Mientras fumaba en una anacrónica boquilla negra que sostenía entre sus labios, me relató su sorpresa y espanto al comprobar que la sangre de aquel ajusticiado era fría y muy oscura, como la de los demás hombres cuyos fusilamientos presenció.

-No eran las heladas mañanas de aquella aciaga primavera las que dejaban su sangre en aquel estado-me confesó-, era la desesperanza.

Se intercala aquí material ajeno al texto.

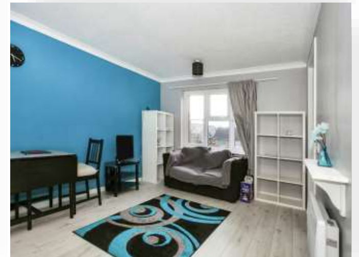
Lincoln Gate, Peterborough PE1 2RE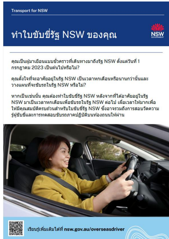
Thai (CAL ref: 124397)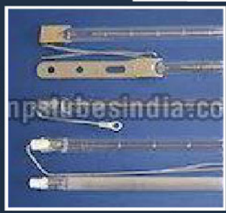
Short Wave Infrared Heater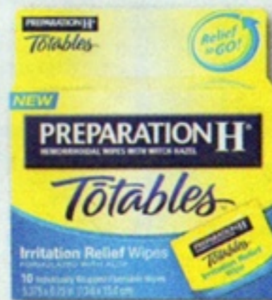
Preparation H Totentable Wipes 10 ct.

*DISCOUNT ONLY - NOT INSURANCE. Certain limitations apply, including covered generic drugs. See the pharmacy for details.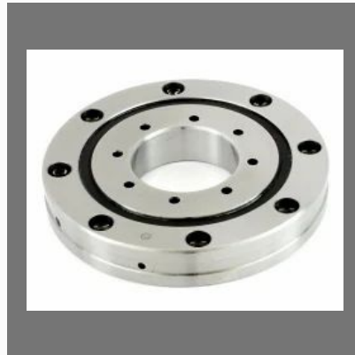
Cross Roller Bearings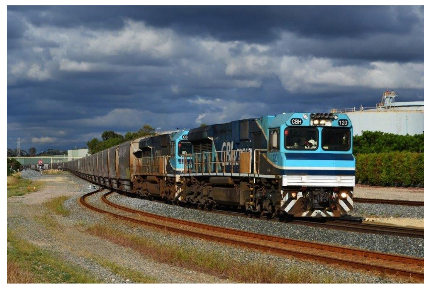
CBHs 120 & 118 bring 2S56 from Forrestfield into Kwinana, 2<sup>nd</sup> November.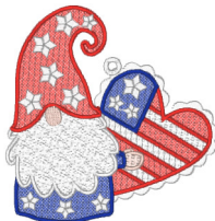
Fsl Independence Day Gnomes 05.vip 3.85x3.91 inches; 13,663 stitches 8 thread changes; 4 colors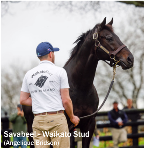
Savabeel - Waikato Stud (Angelique Bridson)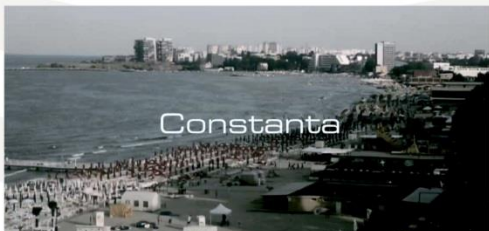
CONSTANTA The oldest port of the Black Sea, the fourth largest port in Europe...

The new Institution "Cultural Ports of the Black Sea" aims to contribute to the development of cultural tourism in the Black Sea region and to promote the cultural role of the port cities. It will be a timeless institution which would promote the friendship, good relations and cooperation in the fields of culture and tourism among the port cities of the Black Sea and will contribute to the wider urban and regional development efforts in the region.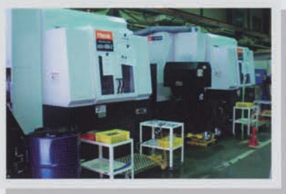
Horizontal machining center

Owens machining center 26 units, can be processed maximum up to 450 mm square. We have 10 units 5-sided machining corresponding equipment by one chucking out of 26 cars which able to achieve high relative accuracy. In addition, we also can shorten the program and setup time, processing cycle time of long products with the best equipment. We will exert the strengths of communication industry, semiconductor, and industrial equipment relationship.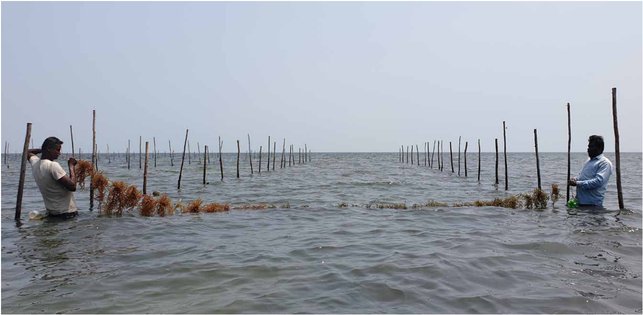
Fig.6. Seeded ropes tied on the pole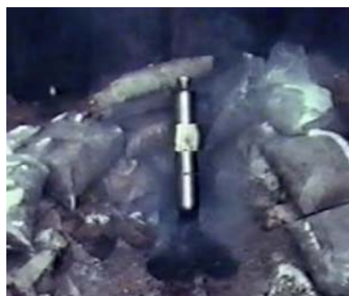
Figure 4: Response to bullet attack - puddle of propellant (liquid)

Control: Normal fire extinguishing techniques, although vented oxidiser may cause some complication. Treatment as above.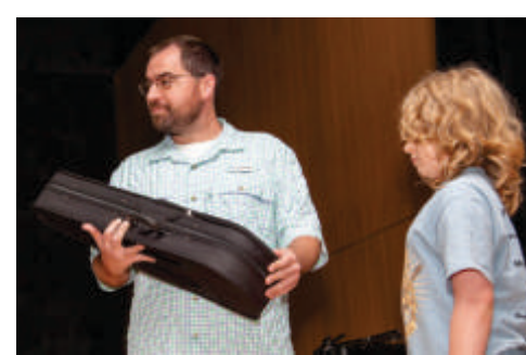
Awarded to: The Gibson Family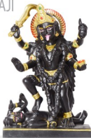
DVI10 / 12"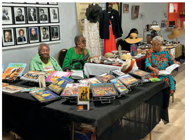
A few Kwanzaa Celebration vendors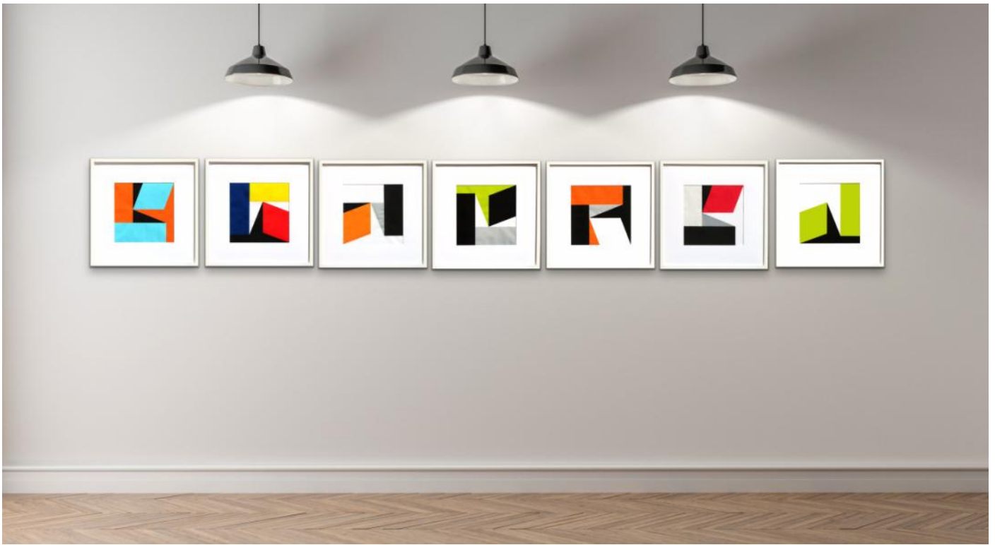
Plane Paper I - VII Block prints on Washi Paper 30 x 30cm. 2019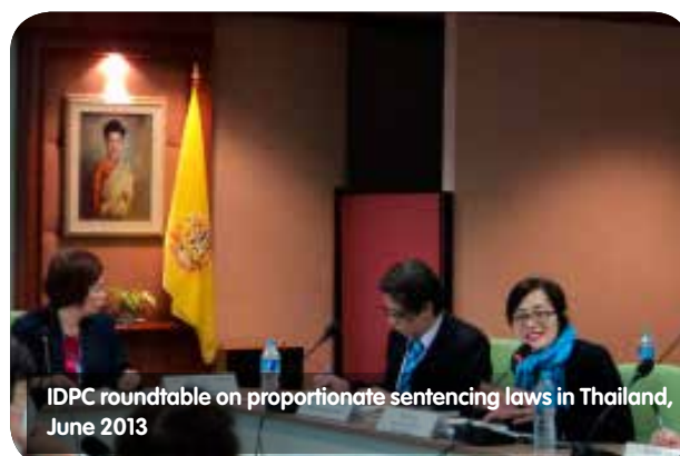
IDPC roundtable on proportionate sentencing laws in Thailand, June 2013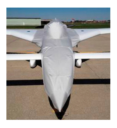
Long EZ Canopy/Nose/Engine Cover w/ Wing Extentions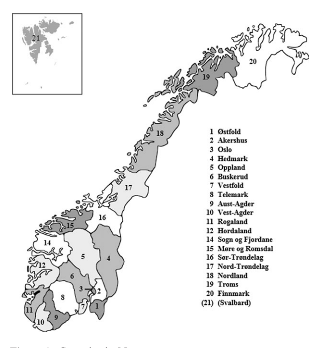
Figure 1. Counties in Norway.

1961–1991 – Fig. 2A,B illustrates the time trends in the prevalence and incidence of MS in Norway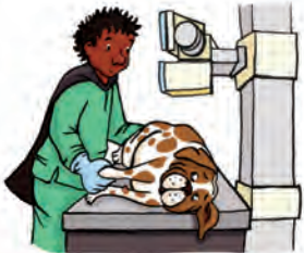
The veterinarian is taking a radiograph (x-ray) of the dog's broken leg!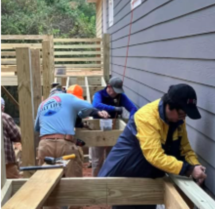
The Rotary Club of Griffin has utilized a Rotary District Competitive Grant to construct a few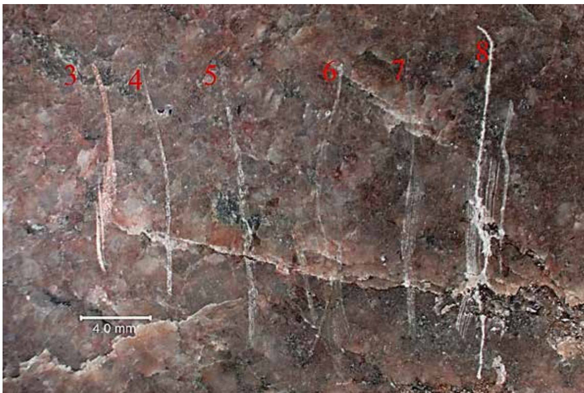
SAMPLE ID: Sample #2-Mauve 3/8x1/8 MAG: 5x DESCRIPTION: View of the lapped cross section of the stone after Mohs hardness testing. Note that hardness picks 3, 4, 5, and 6 did not scratch, hardness pick 7 scratched a few minerals, and hardness pick 8 scratched all minerals. The general Mohs hardness would be approximately 7.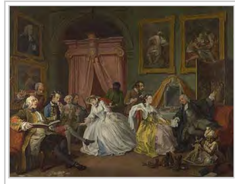
In La Toilette from Hogarth's Marriage à la Mode series (1743), a young countess receives her lover, tradesmen, hangers-on, and an Italian tenor as she finishes her toilette<sup>[41]</sup>

The word "toilet", for the plumbing fixture or for the room, is considered impolite in some varieties of English, while elsewhere the word is used without any embarrassment. "Toilet" was by etymology a euphemism, but is no longer understood as such. As old euphemisms have become the standard term, they have been progressively replaced by newer ones, an example of the euphemism treadmill at work. [46] The choice of word relies not only on regional variation, but also on social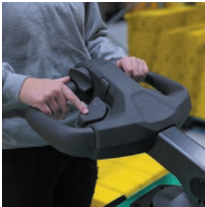
Ergonomic ErgoSteer tiller head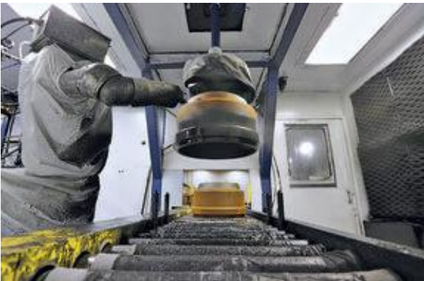
Smart tech: The new policy would aim at making India a manufacturing hub.

Wide consultations Commerce and Industry Minister Nirmala Sitharaman would hold consultations on the framework in Chennai, Guwahati and Mumbai with stakeholders, including industry captains, think tanks and State governments.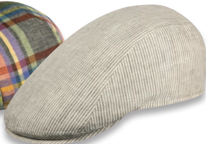
Boston 682 col. 28 foldable, 100 % Linen, UPF 50+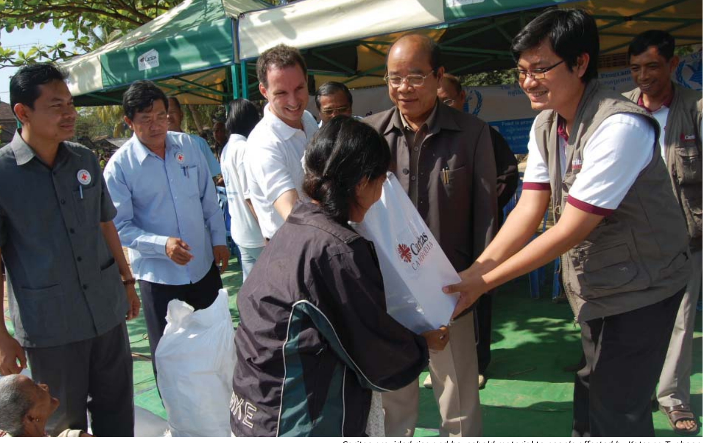
Caritas provided rice and household material to people affected by Katsana Typhoon

Caritas helps people impacted by floods and other disasters.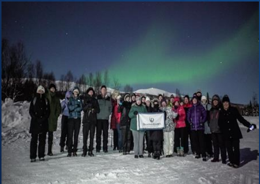
Northern Lights - March 2017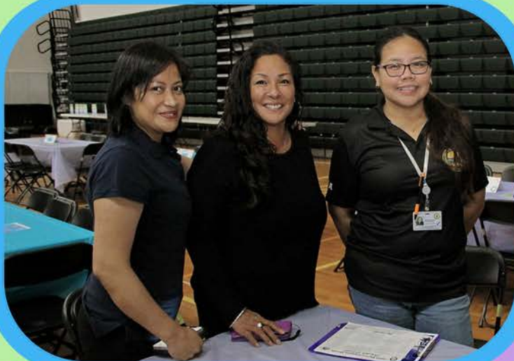
Senior Center Operations, Mayors' Council of Guam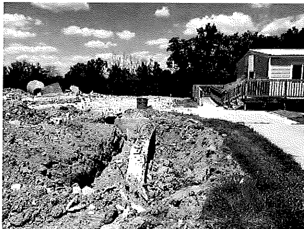
2018.07.18 – Looking north towards transportation mobiles.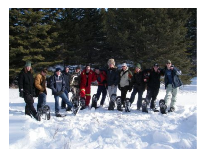
Class enjoying the fresh snow at Cypress Hills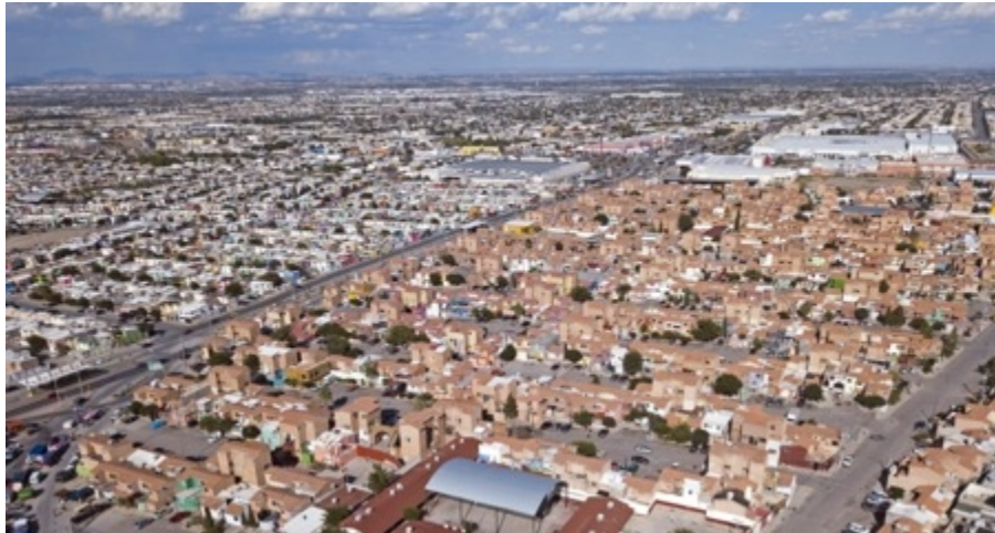
Figure 2. Public housing scheme in Ciudad Juarez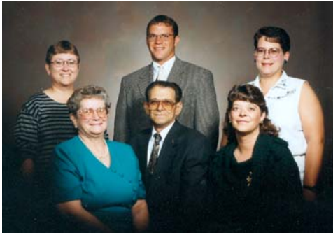
"I Love You!"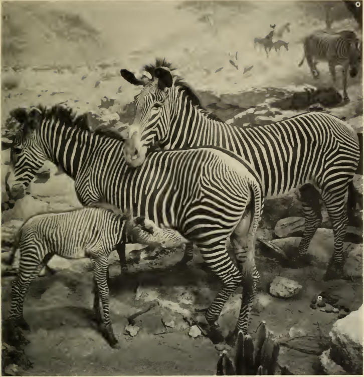
WaterHole group, Hall of African Mammals

floor, in the center, is a herd of seven African elephants, and along the walls are groups of antelopes, giraffes, buffalo, lions, okapis, bongos, and gorillas, in natural settings in the Congo, Kenya, Libya, Tanganyika, the Upper Nile Valley, South Africa, and Ethiopia. At the east end of the hall are two sculptured figures of African tribesmen by Malvina Hoffman; at the west end is a pair of huge elephant tusks.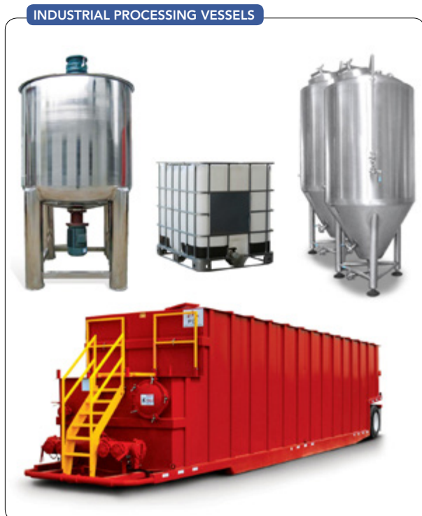
Figure 1. Modern cleaning equipment can safely and sustainably clean storage or process tanks, drums, blenders, reactors, kettles, mixers, shipping containers and more.

“We hear from companies daily that have had product recalls due to cross-contamination. Some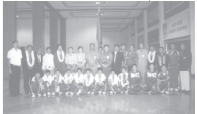
Victorious Myanmar diving team arrives back at Yangon International Airport.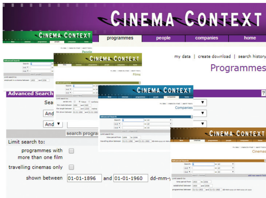
Figure 1. The coloured search tabs on the Cinema Context website each offer a tailor-made faceted search interface for the individual lists of Films, Cinemas, Programmes, People, and Companies.

The choice of films, cinemas, people and companies as the basis for researching Dutch film culture implicitly positions practices of film exhibition and distribution as Cinema Context’s central aspects, rather than film production, form and content. The latter type of information, relating to the films themselves, can be combined with Cinema Context data indirectly via links to IMDb (see above). Cinema Context allows for the study of socio-economic processes and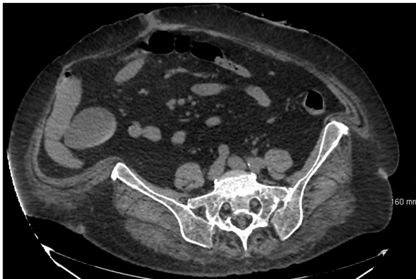
Fig. 1. Preoperative abdominal CT with enormous recurrence of incisional hernia along the right iliac fossa.

in height without dysplasia on biopsy. A multidisciplinary team decided to perform SG initially followed by incisional hernia repair. Open SG was performed. No intraoperative complication occurred. Two weeks later a gastric leak appeared requiring surgical reoperation and drainage by Kehr tube. Fistula was dried up six months later.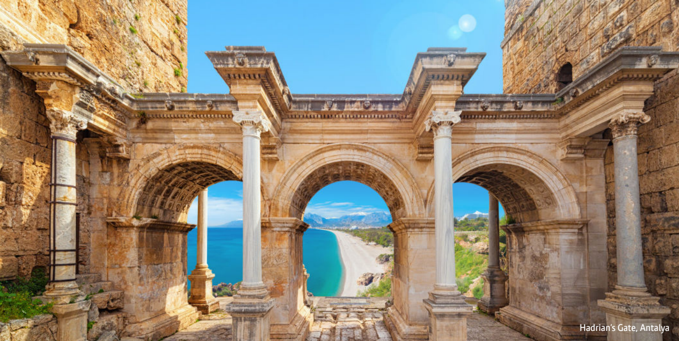
Hadrian's Gate, Antalya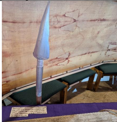
Replica Roman Lance used to pierce the right side of the chest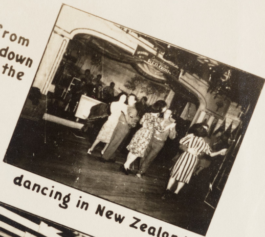
dancing in New Zealand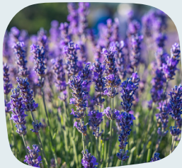
Lavandula (many kinds)

domingo, 8 de junio de 2008

Ayer, antes de ayer.


El bus

A pesar de que el autobús siempre está lleno, se abre paso entre la gente para asirse a la misma barra a la que yo me agarro para no caer con los arranques y las frenadas del vehículo. Por su menor estatura debería tomar la barra con su mano por debajo de la mía, pero nunca lo hace. La agarra justo por encima. No cruzamos ninguna mirada, ningún aliento, ningún roce. Nos ignoramos pero nos sabemos allí. Esperando que ella comience a resbalar su mano hacia la mía. Deseando su contacto. Su mano desciende lentamente y mis ojos la siguen hipnóticos. Retrasa voluntariamente el roce. Alarga el momento. Lo estira hasta que empiezo a sentir su calor antes que su piel. Se detiene, vuelve a subirla y siento frío. El paisaje urbano se pone en marcha deslizándose sin nostalgia por las ventanas del autobús. Pasan el semáforo, las calles y los edificios primero rápidos después, cada vez a menos velocidad. Paramos de nuevo y de nuevo desciende su mano a lo largo del frío de la barra. Los cristales se empañan y distorsionan los contornos de la calle aislándonos de sus soledades. Ya la siento. Me toca y sin engaño ni prisa apoya su calor en el mío. El paraíso se puede esconder en cualquier parte. El mío está en un autobús que atraviesa el amanecer mientras su mano toca mi mano y el dorso de su cuerpo se acopla en el hueco de mi cuerpo como las piezas inseparables de un puzzle tenso y humano. El autobús arranca de nuevo y nuestros cuerpos oscilan en un solo cuerpo, unidos como imanes. Separándose y acercándose en un baile silencioso y sincopado, sin música ni orquesta, sincronizados por los bruscos movimientos del bus. Se ha parado el traqueteo y ella se separa aunque no quiere, poco a poco. Siento que el frío ocupa el calor que me arropó. Las puertas se abren y desciende en busca de su rutina. Nunca mira atrás. Se aleja y pierdo sus contornos. Me espera el desamparo del instituto gris, la inclemencia del patio, el olor de las aulas, la voz apagada del profesor y sus lecciones. Mañana volverá a subir. Sin mirarme se abrirá paso entre la gente y aterido por el frío de la barra saldrá el sol en mi paraíso.